How the sausage is made… err the crashes are propagated

Once a bug command is issued, the sequence of events is:
  • We check the flags that tell us whether the crash propagator is enabled for the build.
  • We retrieve the crash propagator’s stored list of processes we’re connected to.
  • To tell which crashes were triggered together, we generate a unique ID that can later be used to search for which crashes are related.
  • We then send a crash packet with that unique ID to every machine on the list. It also includes a number of “hops” which tells the receiver how far we want the crash propagation to reach (Two machines from my current client? Three?). In situations involving multiple fireteams and people playing different activities in the same area, you might need to propagate the crash farther than just the machines you were directly connected to. Otherwise, you might not be getting the full picture.
  • When the crash packet is received by another machine, it checks the number of hops. If there is at least one hop left to go, it removes a hop (for the one we just did), and spams out new crash packets to everyone the new machine is connected to.
  • After that, the machine is ready to crash itself using our crash handling tech. If this machine isn’t the original machine that crashed or had the “bug_now_networking”, we use a special description so testers know that this crash propagated crash isn’t a “real” crash that an engineer needs to investigate – it's just context for the original crash with the matching unique ID.
After all this happens, our entire ecosystem is crashed. Well, almost. As much as the crash propagator loves crashing things, we decided that the aforementioned world server should be excluded from the crash propagation system since the work it does is sufficiently separated from the client and activity host that it would rarely produce much useful information (plus it could really put a damper on studio-wide playtests to start having world servers go down).

How it turned out

Everything in Destiny is networked and with the advent of the crash propagator, we’ve saved quite a bit of time tracking down pesky bugs from all different parts of the game including AI, gameplay, and basic networking problems. It’s a tool we routinely pull out of our toolbox during playtests.

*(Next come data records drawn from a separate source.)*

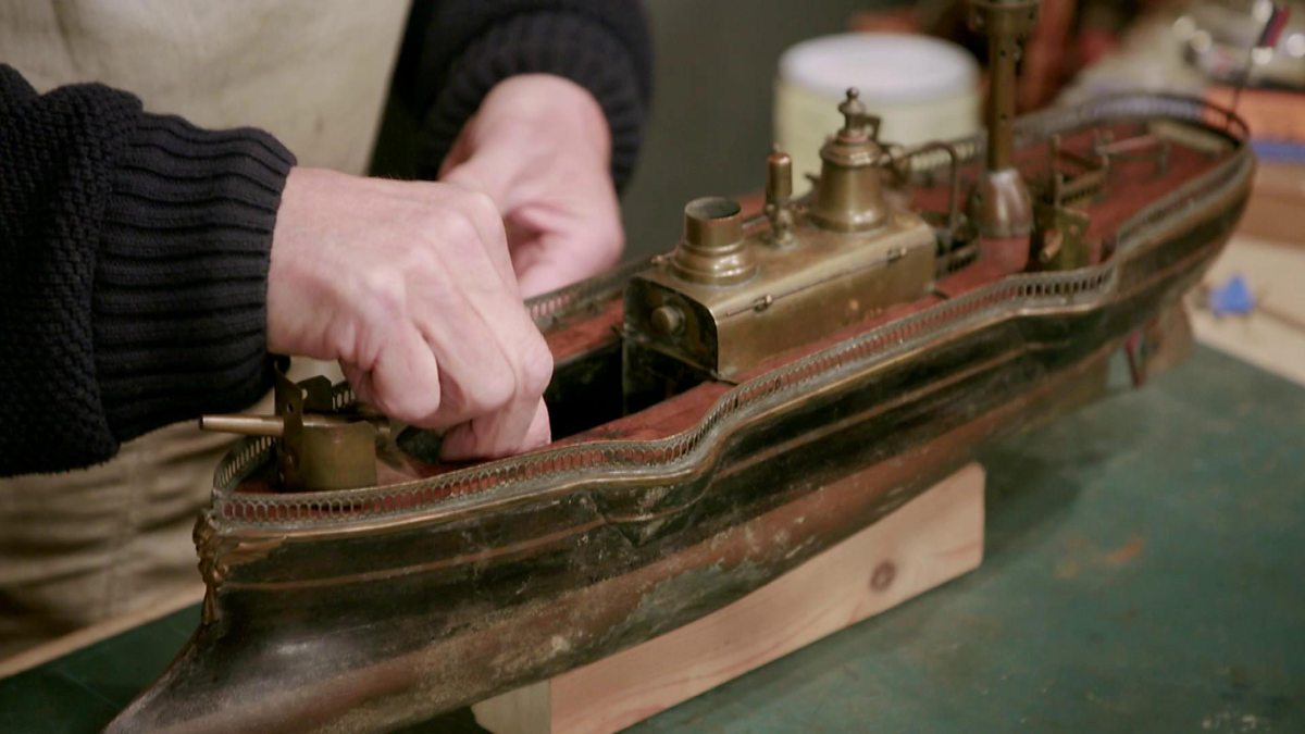 Horologist Steven Fletcher painstakingly mends all the components of a toy steam battleship to get it working again after years being unused.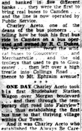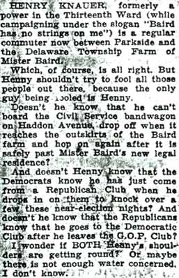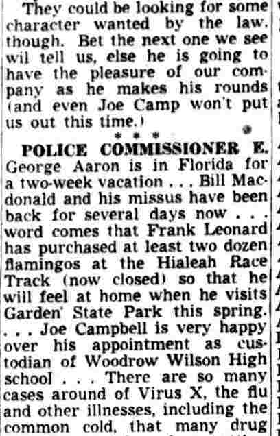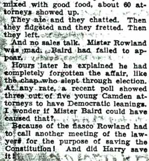 The way some of the members of the Camden County Republican Committee are behaving these days, the Democrats can stay home on their own meeting nights .... The Republicans are doing their work for them .... Now some 70 of the Republican committeemen have signed a petition to give Baird a job that won't pay him anything.... It's about time they're giving him something .... They took the U. S. Senatorship away from him .... Moore took the governorship away from him .... Woodruff took the state committeeship away from him .... The New Deal took the city commission away from him .... The New Deal took the freeholders away from him:.:. Somebody always is taking something away from Baird .... It isn't a question of Baird's ability to fill the bridge job .... The only one to even mention that as an issue was Fred von Nieda .... He's a city commissioner, you know .... It's a matter of principle .... At least, that is what Florence Baker, state com-mitteewoman, says .... Mrs. Baker is telling Senator, Clee and others at Trenton that they owe it to Baird to support him for the job because he has always helped Clee ...Let's, in all fairness to Baird, look at the record .... In the primary, during an address at the First Ward Republican Club, Dave Baird stated he was for Cliff Powell against Clee .... Mrs. Baker did not come out against Clee .... She didn't come out against Powell. Instead, she said she was neutral. In the general election, Mrs. Baker said she was for Clee. Baird never said he was for Clee. (If he had, Clee's majority of 35,000 would have gone to Moore) .... So we don't think that Mrs. Baker is very convincing when she tells Clee that baird helped Clee .... She said that the Camden county legislative delegation helped Clee's program against Hoffman. Was baird a Democrat last year? Sheehan, Roye and Lodge were .... Burling was a Republican, and helped Clee, but he is not for baird. Perhaps it was because baird "helped" Clee's program against Hoffman opposition, that Hoffman slipped in baird's appointment without the knowledge of Burling or the state or county committee members .... Mrs. Baker stated at a banquet that she has copies of the Courier-Post in 1931 in which baird was praised for his bridge work .... If anyone cares to look at our files, we will show what Mrs. Baker said about baird in the neighborhood of 1931. ... Or what we said about baird at other times .... Also what Mr. van Nieda and Frank Travaline said. But enough ado about nothing .... All we've done is talked about baird when it had been our plan instead to talk about politics. * * * The political ax is hanging over the head of a Mt. Ephraim official on the charge he is assuming too much authority ..... The political ax hanging over the heads of the Delaware township cops is about to be enmeshed in litigation .... One of the policeman is a member of the P.B.A. which will carry his fight into court in a case that will be a precedent for the other township cops, too .... Herb Taylor will be county engineer if it goes to a Republican .... It may be a Democrat however, and newest among the candidates, on that side of the ledger is former City Commissioner Carroll P. Sherwood .... There may be only one assistant county solicitor instead of two in which case it will probably go to Carleton Rowand, city school board member .... By the way, don't, be surprised if under the new contract between the city and county on maintenance of the City Hall, the city takes full control of the building with consent of the county ... Which will be tough on some of the county jobholders ...* * *. Assemblyman Allen now denies he wants all us newspaper fellers to go to the guillotine ... He says he meant lawyers ... Charlie Humes wants to be guillotined ... Standing up ... Incidentally, Charlie is defending his last-place position in the ping-pong league tonight… Firefighter Lennox went to church the other day… And found the roof braced up. When will the borough of Merchantville fix up that dangerous hole in Browning road at the railroad tracks north of Maple Avenue? ... Or is that in the township? Whenever the state police want Detective Wojtkowiak at the prosecutor's office, ·they ask for "Sergeant Watchyourcoatandhat" … The Mt. Ephraim commissioners are going to buy a police car for their chief ... He's also in for a pay rise ... Bellmawr's chief of police won't get the salary increase he wants, but he will get an additional allowance for the use of his car ... Runnemede's two new cops will also get pay increases … The other day an alarm was sent to every police department in the county and also to the Philadelphia cops that a car had been stolen in Audubon ... The culprit is glad no cops saw him ... He was none other than a police official who wanted to borrow a storekeeper's car but took the wrong one by mistake ... His face is almost as red as Vince (deP) Costello's ... At the K. of C. roller skating exhibition the other night, Luke McKenna did a few fancy turns ... Vince recalled he, too, had been pretty good at one time, so he essayed to show his friends ... His intentions were better than his legs, and a couple of well--wishers followed him around the floor with a stretcher. This all happened quietly The Runnemede police received a complaint from two storekeepers ... It appears that a group of high school students from another town had stopped off at Runnemede to purchase some cakes ... Several other articles disappeared from the stores ... A few days later the dean of the high school went to Runnemede paid one shopkeeper $10 and the other $2.60 ... Representing the goods they said were taken ... Aside to that clairvoyant weakly editor who reported yesterday that Joe Van Meter is going to be the Republican nominee for sheriff: A sheriff cannot succeed himself in New Jersey ... Silvio Fittipaldi, former Haddon Heights High star, is a veterinarian and doing nicely ... A Philadelphia college professor who lives in Pennsauken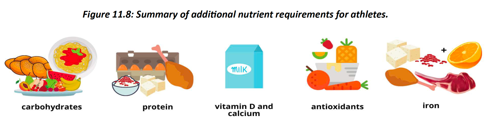 Athletes have higher requirements for energy, carbohydrate, protein, antioxidants, fluids and micronutrients. Also, the timing of their consumption can provide an added benefit to performance and recovery.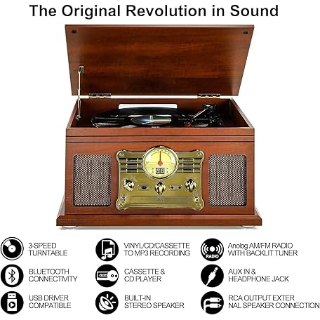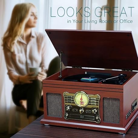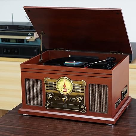 Sản phẩm Bluetooth Turntable with Stereo Speakers, Support Vinyl to MP3 Recording Converter with CD, Cassette Player, FM, Aux-In and Headphone Jacks đang được bán với giá ưu đãi là $108.4223 tại nước Đức.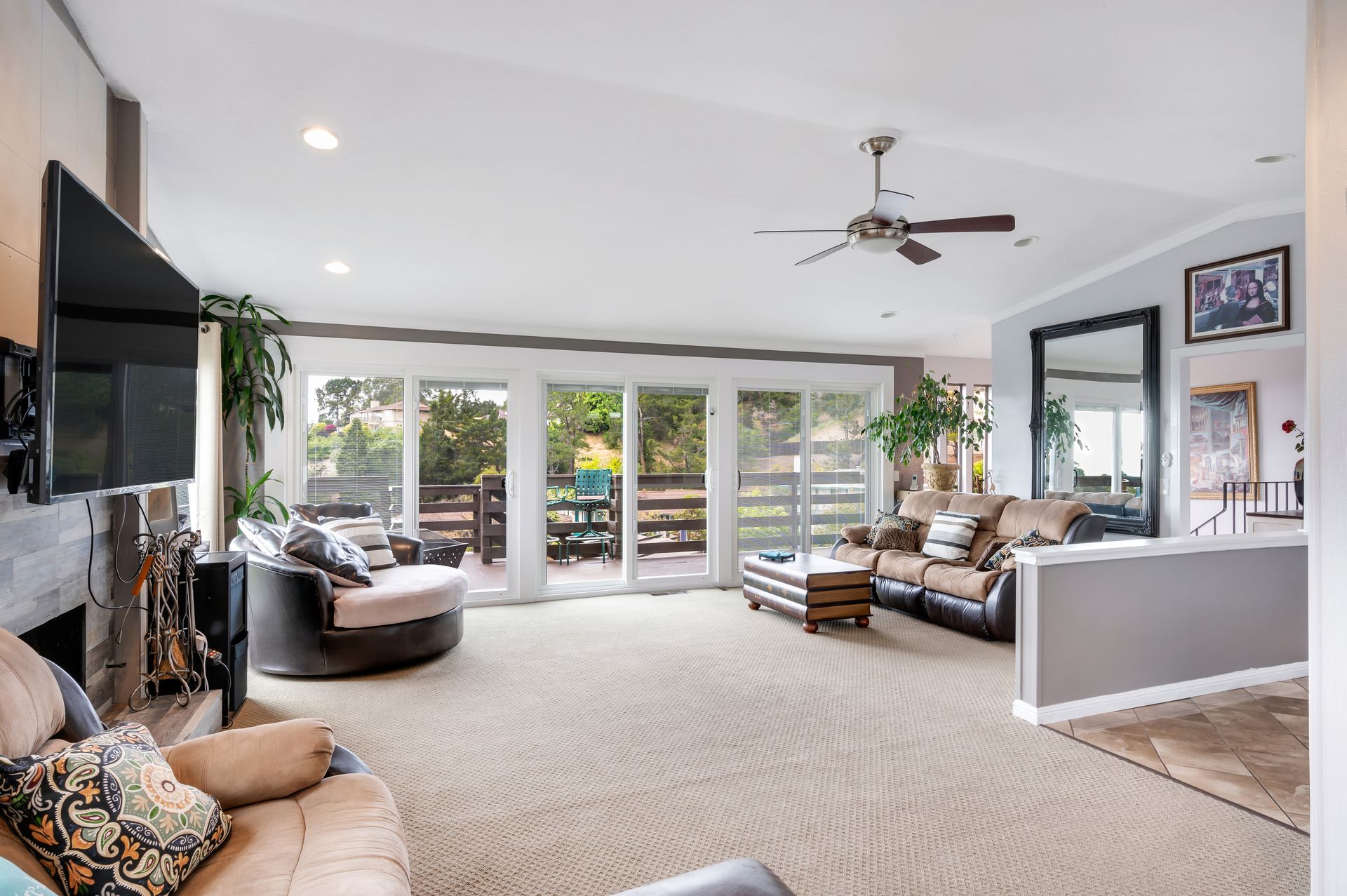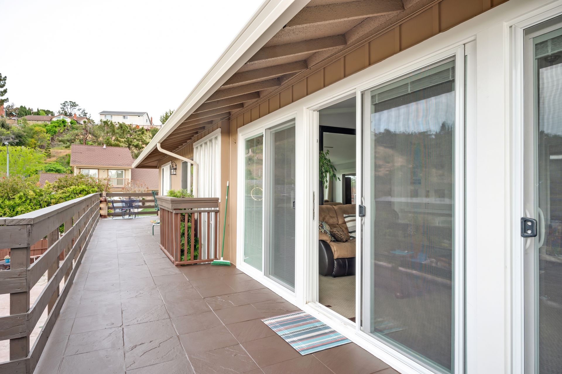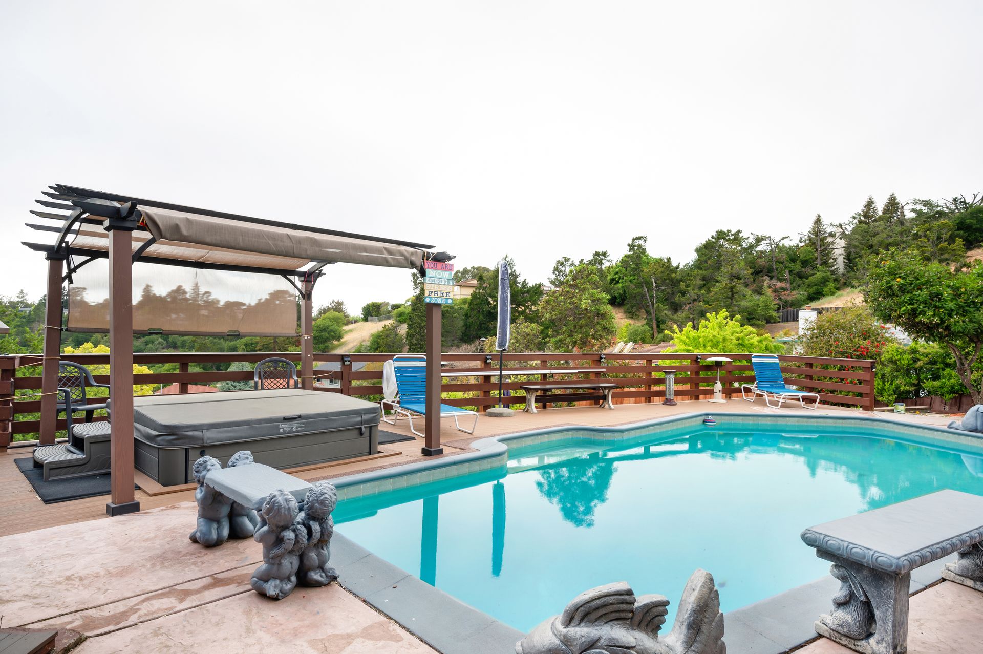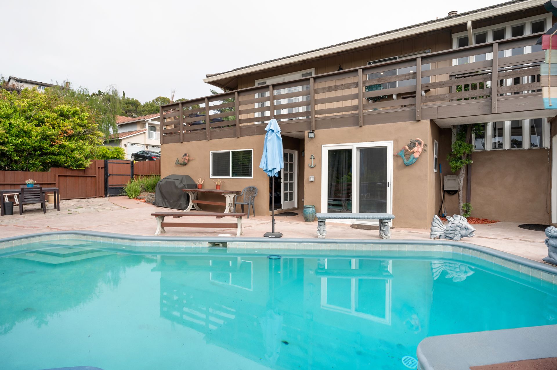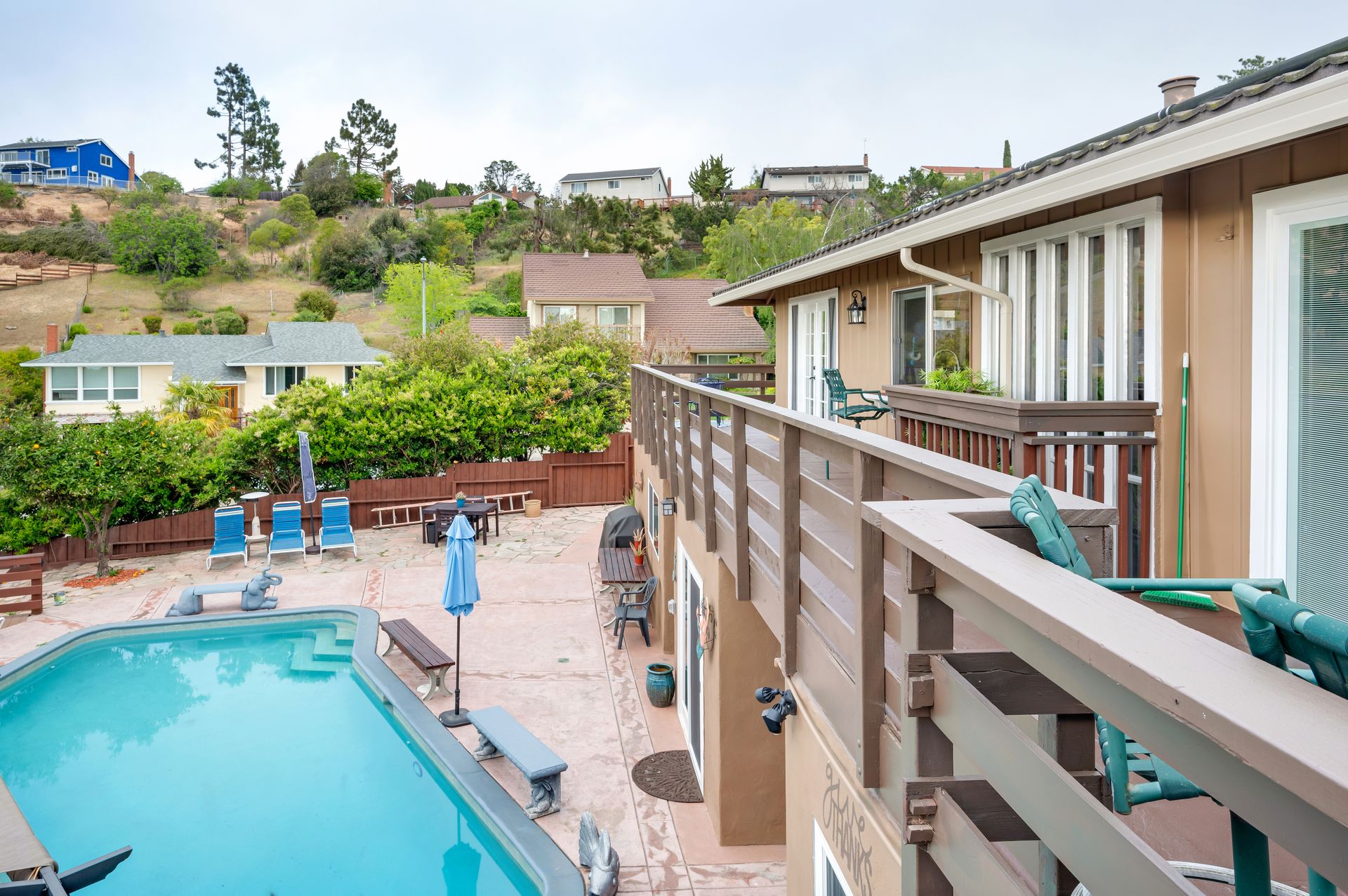 This easy indoor-outdoor living and a prime location make this the home you’ll never want to leave. Oversized windows in every room ensure full enjoyment of the outstanding views. On the main level, a spacious living room opens to a deck that runs the entire length of the home overlooking the backyard. A bonus room or home office adjoins the living room and features an additional deck, ideal for relaxing in the sun on weekend afternoons. The updated kitchen includes stainless steel appliances, an island with seating, plenty of counter space and a second slider leading out to the deck. An impressive staircase with stacked feature windows leads to the lower-level bedrooms, including a primary suite with a walk-in closet, double sinks and a glass-enclosed shower. At the opposite end of the hall, a spacious guest unit is completed with a full kitchen. Each of the two secondary bedrooms has a separate full bath. The outdoor livable space with its inviting pool and pergola-shaded spa will quickly become the primary gathering place for your everyone. Hayward Highland is a sought-after neighborhood with expansive views, close proximity to CSUEB and a variety of shopping and commute options.

One evolution of the system was to realize that it wasn’t always necessary to fully crash everything in the ecosystem. We now utilize separate pathways for a “lightweight” type of false crash where we only gather and upload logs and allow the game to keep running afterwards. The generated data is still tracked as an issue in our tools; it just has less information. This can still enable some types of investigations but is less disruptive to the people testing the game at the time.

We continue to improve how we debug and investigate issues across our ecosystem of servers and clients. Crash propagation was an important advance for us, and we're excited to share future discoveries and insights (and crazy bugs) with you here in the Bungie Tech Blog!

- Adam Pino